» **What to do**
Each line in the records below that has the word "only" should be copied.

» **Dataset content**
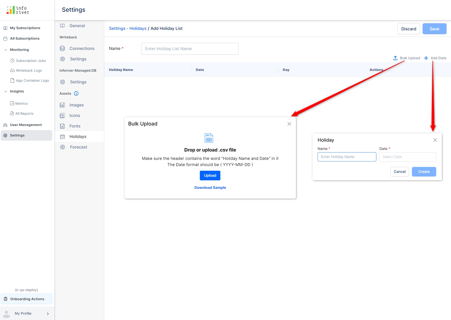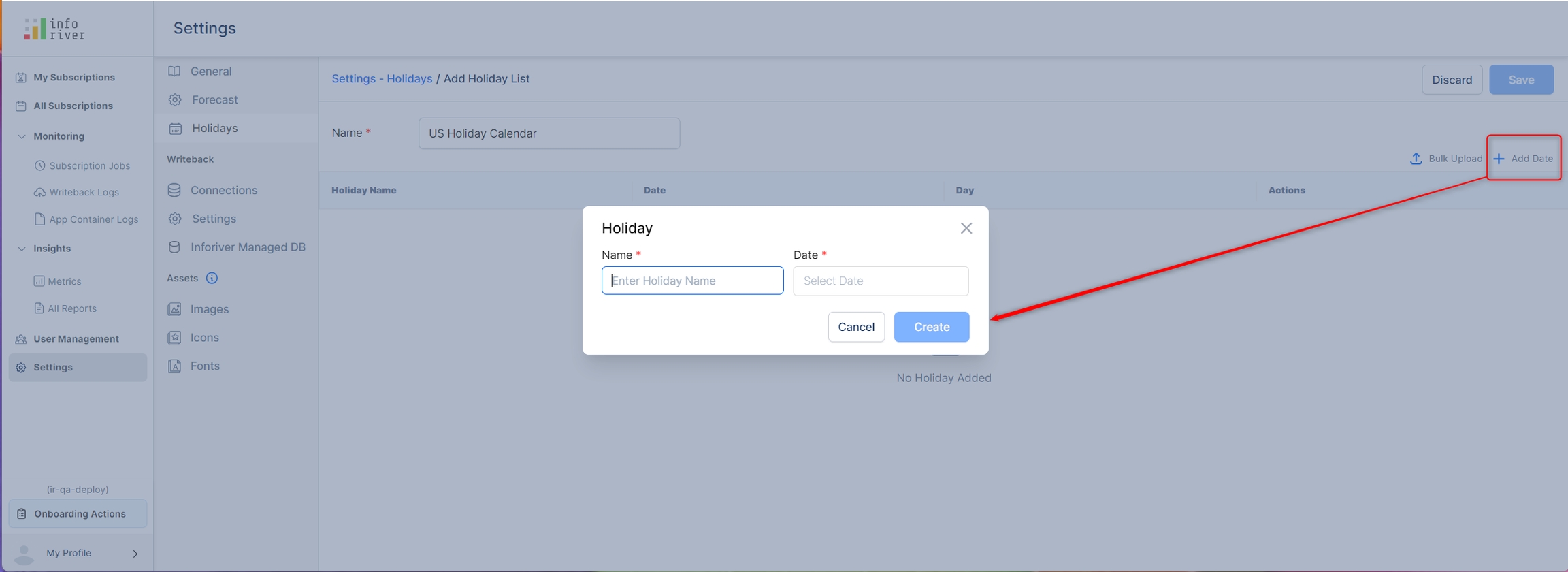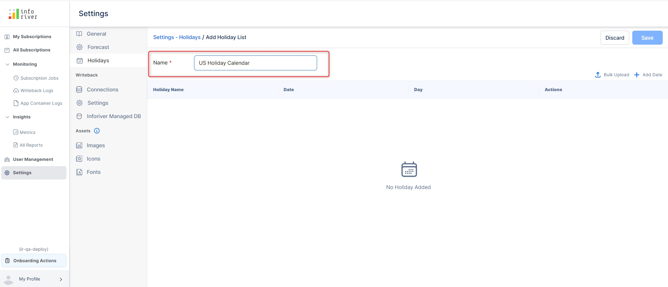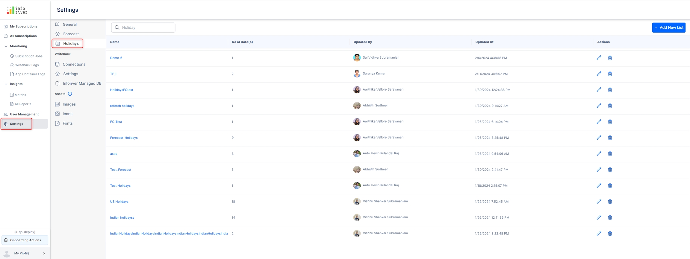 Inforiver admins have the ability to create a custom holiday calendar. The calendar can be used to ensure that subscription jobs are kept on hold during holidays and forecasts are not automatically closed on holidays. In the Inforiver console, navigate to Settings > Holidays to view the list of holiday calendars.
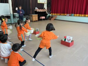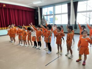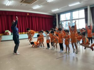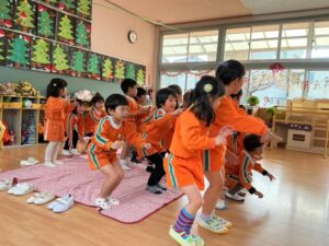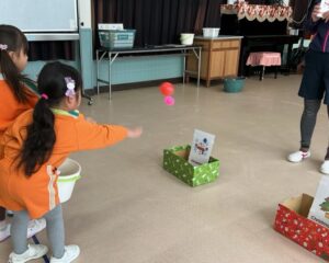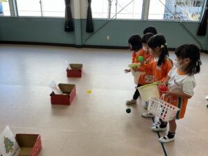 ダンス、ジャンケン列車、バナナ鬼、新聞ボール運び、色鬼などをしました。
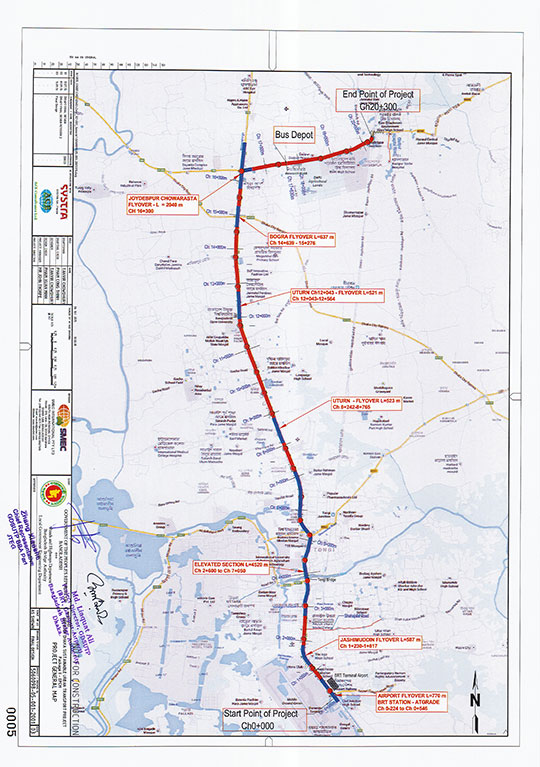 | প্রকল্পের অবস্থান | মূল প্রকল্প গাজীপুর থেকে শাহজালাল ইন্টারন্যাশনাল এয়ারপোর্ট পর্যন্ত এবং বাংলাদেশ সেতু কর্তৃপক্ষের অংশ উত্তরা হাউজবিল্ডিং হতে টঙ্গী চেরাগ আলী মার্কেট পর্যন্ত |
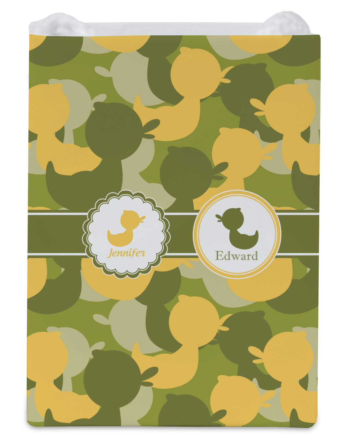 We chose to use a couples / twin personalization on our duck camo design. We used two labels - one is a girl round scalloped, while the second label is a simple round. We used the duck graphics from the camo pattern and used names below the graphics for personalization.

--

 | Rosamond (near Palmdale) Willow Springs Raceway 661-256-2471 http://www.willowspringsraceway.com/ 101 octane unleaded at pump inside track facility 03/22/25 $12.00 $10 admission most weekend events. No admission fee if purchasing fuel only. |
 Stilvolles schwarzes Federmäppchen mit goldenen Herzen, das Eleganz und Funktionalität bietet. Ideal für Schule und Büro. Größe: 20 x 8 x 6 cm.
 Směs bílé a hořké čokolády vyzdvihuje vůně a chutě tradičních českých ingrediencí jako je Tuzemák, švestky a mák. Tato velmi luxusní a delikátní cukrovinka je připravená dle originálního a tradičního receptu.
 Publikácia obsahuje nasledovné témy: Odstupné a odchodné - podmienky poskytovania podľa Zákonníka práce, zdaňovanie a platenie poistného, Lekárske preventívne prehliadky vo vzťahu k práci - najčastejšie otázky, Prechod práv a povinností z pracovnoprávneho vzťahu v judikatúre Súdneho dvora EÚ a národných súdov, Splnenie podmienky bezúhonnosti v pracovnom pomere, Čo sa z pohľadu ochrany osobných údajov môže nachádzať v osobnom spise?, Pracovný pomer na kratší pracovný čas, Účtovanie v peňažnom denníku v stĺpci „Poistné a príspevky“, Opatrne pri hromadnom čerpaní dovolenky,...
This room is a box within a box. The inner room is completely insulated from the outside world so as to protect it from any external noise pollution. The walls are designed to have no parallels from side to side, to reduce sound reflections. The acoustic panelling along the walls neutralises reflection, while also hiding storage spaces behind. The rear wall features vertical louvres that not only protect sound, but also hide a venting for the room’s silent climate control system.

» **Reply to the exercise**
 | Rosamond (near Palmdale) Willow Springs Raceway 661-256-2471 http://www.willowspringsraceway.com/ 101 octane unleaded at pump inside track facility 03/22/25 $12.00 $10 admission most weekend events. No admission fee if purchasing fuel only. |
This room is a box within a box. The inner room is completely insulated from the outside world so as to protect it from any external noise pollution. The walls are designed to have no parallels from side to side, to reduce sound reflections. The acoustic panelling along the walls neutralises reflection, while also hiding storage spaces behind. The rear wall features vertical louvres that not only protect sound, but also hide a venting for the room’s silent climate control system.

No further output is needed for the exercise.